(Entries taken from a collection)

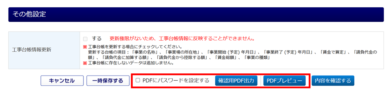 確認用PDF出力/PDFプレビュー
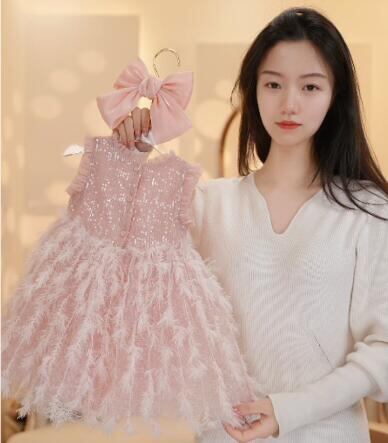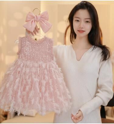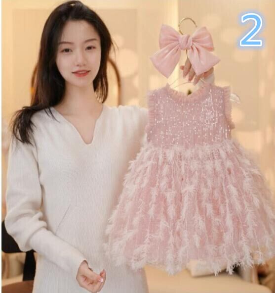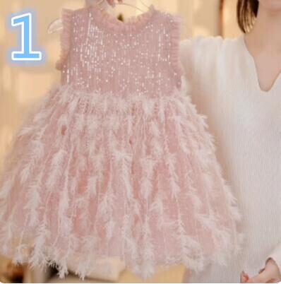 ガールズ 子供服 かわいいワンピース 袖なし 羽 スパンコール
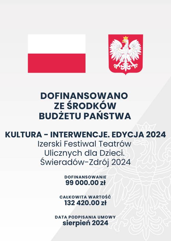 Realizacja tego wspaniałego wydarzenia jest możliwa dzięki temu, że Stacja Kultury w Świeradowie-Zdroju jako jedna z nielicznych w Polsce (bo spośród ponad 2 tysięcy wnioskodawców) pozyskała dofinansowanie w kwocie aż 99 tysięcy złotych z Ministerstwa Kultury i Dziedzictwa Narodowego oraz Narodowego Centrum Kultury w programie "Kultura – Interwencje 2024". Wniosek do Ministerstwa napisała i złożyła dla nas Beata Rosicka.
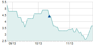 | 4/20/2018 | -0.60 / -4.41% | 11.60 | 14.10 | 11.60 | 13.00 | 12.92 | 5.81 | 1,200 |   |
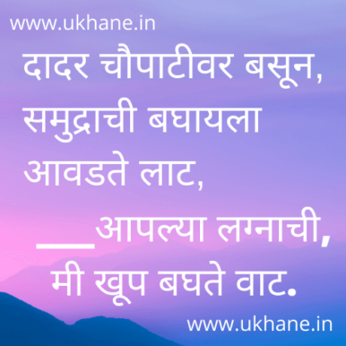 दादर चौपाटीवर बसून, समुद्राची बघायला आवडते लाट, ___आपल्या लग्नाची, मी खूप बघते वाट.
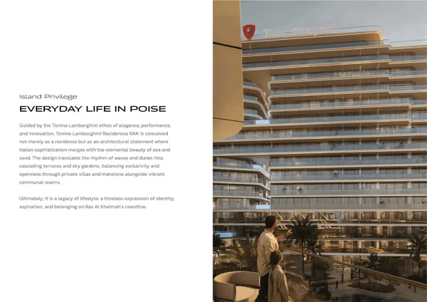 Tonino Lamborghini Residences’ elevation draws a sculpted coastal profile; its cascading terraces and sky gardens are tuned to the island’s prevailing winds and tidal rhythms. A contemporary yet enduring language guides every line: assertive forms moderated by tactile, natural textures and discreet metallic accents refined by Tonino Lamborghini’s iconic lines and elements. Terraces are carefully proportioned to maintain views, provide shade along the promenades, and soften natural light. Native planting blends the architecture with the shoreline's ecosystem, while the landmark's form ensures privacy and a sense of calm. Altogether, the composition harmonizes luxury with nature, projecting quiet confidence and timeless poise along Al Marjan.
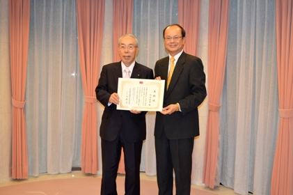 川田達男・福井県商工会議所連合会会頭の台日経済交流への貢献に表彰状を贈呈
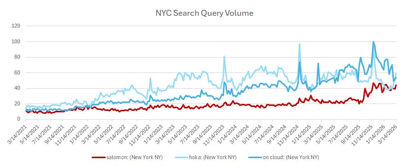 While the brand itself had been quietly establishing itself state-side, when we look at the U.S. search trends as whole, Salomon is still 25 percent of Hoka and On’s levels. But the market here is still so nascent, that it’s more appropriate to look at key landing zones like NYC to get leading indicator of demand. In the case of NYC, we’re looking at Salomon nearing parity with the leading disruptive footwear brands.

▶ PROBLEM
Apart from the pictures, every line of the data above should be given again exactly.

▶ YOUR SOLUTION
 確認用PDF出力/PDFプレビュー
 ガールズ 子供服 かわいいワンピース 袖なし 羽 スパンコール
 Realizacja tego wspaniałego wydarzenia jest możliwa dzięki temu, że Stacja Kultury w Świeradowie-Zdroju jako jedna z nielicznych w Polsce (bo spośród ponad 2 tysięcy wnioskodawców) pozyskała dofinansowanie w kwocie aż 99 tysięcy złotych z Ministerstwa Kultury i Dziedzictwa Narodowego oraz Narodowego Centrum Kultury w programie "Kultura – Interwencje 2024". Wniosek do Ministerstwa napisała i złożyła dla nas Beata Rosicka.
 | 4/20/2018 | -0.60 / -4.41% | 11.60 | 14.10 | 11.60 | 13.00 | 12.92 | 5.81 | 1,200 |   |
 दादर चौपाटीवर बसून, समुद्राची बघायला आवडते लाट, ___आपल्या लग्नाची, मी खूप बघते वाट.
 Tonino Lamborghini Residences’ elevation draws a sculpted coastal profile; its cascading terraces and sky gardens are tuned to the island’s prevailing winds and tidal rhythms. A contemporary yet enduring language guides every line: assertive forms moderated by tactile, natural textures and discreet metallic accents refined by Tonino Lamborghini’s iconic lines and elements. Terraces are carefully proportioned to maintain views, provide shade along the promenades, and soften natural light. Native planting blends the architecture with the shoreline's ecosystem, while the landmark's form ensures privacy and a sense of calm. Altogether, the composition harmonizes luxury with nature, projecting quiet confidence and timeless poise along Al Marjan.
 川田達男・福井県商工会議所連合会会頭の台日経済交流への貢献に表彰状を贈呈
 While the brand itself had been quietly establishing itself state-side, when we look at the U.S. search trends as whole, Salomon is still 25 percent of Hoka and On’s levels. But the market here is still so nascent, that it’s more appropriate to look at key landing zones like NYC to get leading indicator of demand. In the case of NYC, we’re looking at Salomon nearing parity with the leading disruptive footwear brands.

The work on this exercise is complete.